1. Allgemeine Wartung von GC-Stämme

  1. N. Gonorrhoeae Stämme Streifen auf GCK-Agar mit 1 % Kellogg ergänzt18 (Tabelle 1, Tabelle 2) aus den Beständen der Gefrierschrank und inkubieren Sie 37 ° C mit 5 % CO2 für 16-18 h Nutzung MS11 Ausdruck Phase-Variable Opa (MS11Opa +), keine Opa (MS11ΔOpa), oder einen abgeschnittenen LOS (MS11ΔLgtE).
  2. Wählen Sie sorgfältig Pili negative (Kolonie ohne dunkle Kante) oder positiv (Kolonie mit dunklen Rand) Kolonien aus jedem Stamm basierend auf Kolonie Morphologie19 mit einem sezierenden Lichtmikroskop und Streifen auf einen neuen GCK-Teller.
  3. Inkubation bei 37 ° C mit 5 % CO2 für 16-18 Uhr vor dem Gebrauch.

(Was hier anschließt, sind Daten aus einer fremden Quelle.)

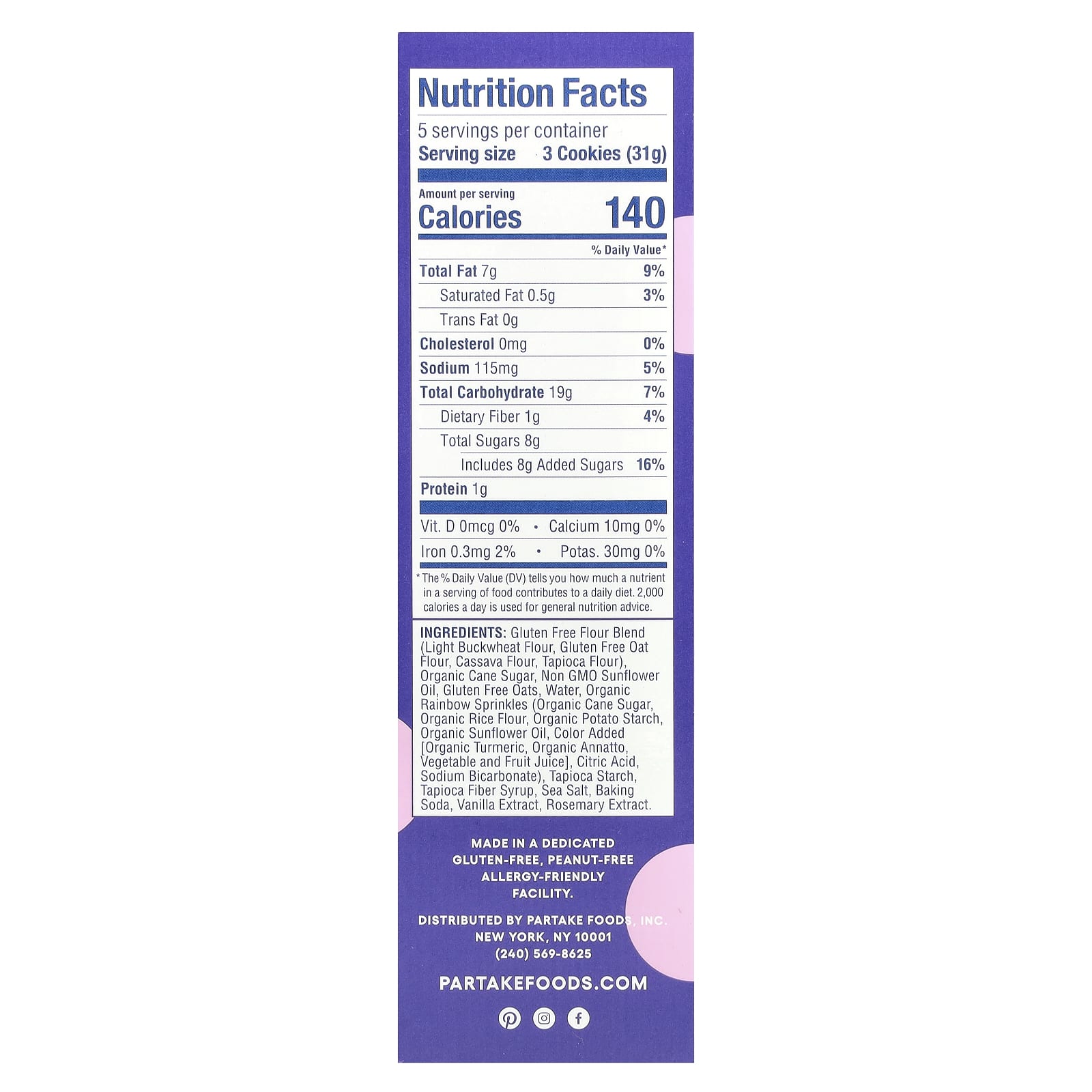 Смесь муки без глютена, овсяная мука без глютена, мука из кассавы, тапиоковая мука), органический тростниковый сахар, подсолнечное масло без ГМО, овес без глютена, вода, органическая посыпка радуги (органический тростниковый сахар, органическая рисовая мука, органический картофельный крахмал, органическое подсолнечное масло, краситель [органическая куркума, органический овощной и фруктовый сок аннато], лимонная кислота, бикарбонат натрия), тапиоковый крахмал, сироп из клетчатки тапиоки, морская соль, пищевая сода, экстракт ванили, экстракт розмарина.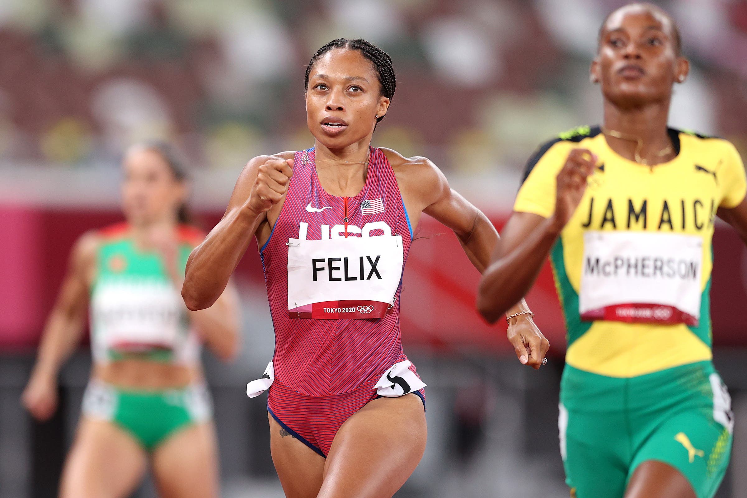 Felix cruised into the finish with no pressure, ahead of Roneisha McGregor of Jamaica (51.14) and Lada Vondrova from the Czech Republic (51.14). But Felix isn’t quite ready to talk about the final farewell—she said after the race that she’s ready to “bump it up” in the semifinal.

(2) Lebensfähigkeit Quantifizierung der GC Aggregationen

  1. GC mit einem sterilen Applikator zu sammeln. Tupfer GC aus der Platte und wieder auszusetzen GC in vorgewärmten Brühe (GCP, Tabelle 3) ergänzt mit 4,2 % Nahco33 und 1 % Kellogg Lösungen18. Verwenden Sie Spektrophotometrie bei einer Wellenlänge von 650 nm (ein OD-650 1 = ~ 1 x 109 KBE/mL) zur Bestimmung der Konzentration von Bakterien ausgesetzt.
  2. Passen Sie die Konzentration der GC bis ~ 1 x 108 KBE/mL.
  3. Fügen Sie 99 µL bereinigte GC Suspension in Vertiefungen einer 96-Well-Platte.
  4. Inkubieren Sie die Platte für 6 h bei 37 ° C mit 5 % CO2 , die Bakterien zu aggregieren.
  5. Fügen Sie 1 µL serielle verdünnten Ceftriaxon (1000, 100, 50, 25, 12,5, 6.2, 3.1, 1,5, 0,8, 0,4, 0,2 µg/mL) in jede Vertiefung. Lassen Sie einige Brunnen unbehandelt als Kontrollen dienen.
  6. Inkubieren Sie die Platte für 24 h bei 37 ° C mit 5 % CO2.
  7. Beschallen Sie die Suspension 3 Mal in jede Vertiefung für 5 s 144 W und 20 kHz.
  8. Fügen Sie 100 µL kommerziell verfügbare ATP Auslastung Glühen Reagenz in jede Vertiefung, pipette- und 3 Mal, und 15 min bei 37 ° C mit 5 % CO2inkubieren.
  9. Vorsichtig 150 µL Gemisch aus jedem Brunnen in einen neuen Brunnen in einer 96-Well schwarz Mikrotestplatte übertragen und Einführung von Luftblasen zu vermeiden.
  10. Messen Sie die Absorption von jedem Bohrloch bei 560 nm mit dem Teller-Reader.
  11. Berechnen Sie die Überlebensrate nach dem Verhältnis der Lesung Lesung aus unbehandelten Brunnen nach seriellen Ceftriaxon-Behandlung erhalten.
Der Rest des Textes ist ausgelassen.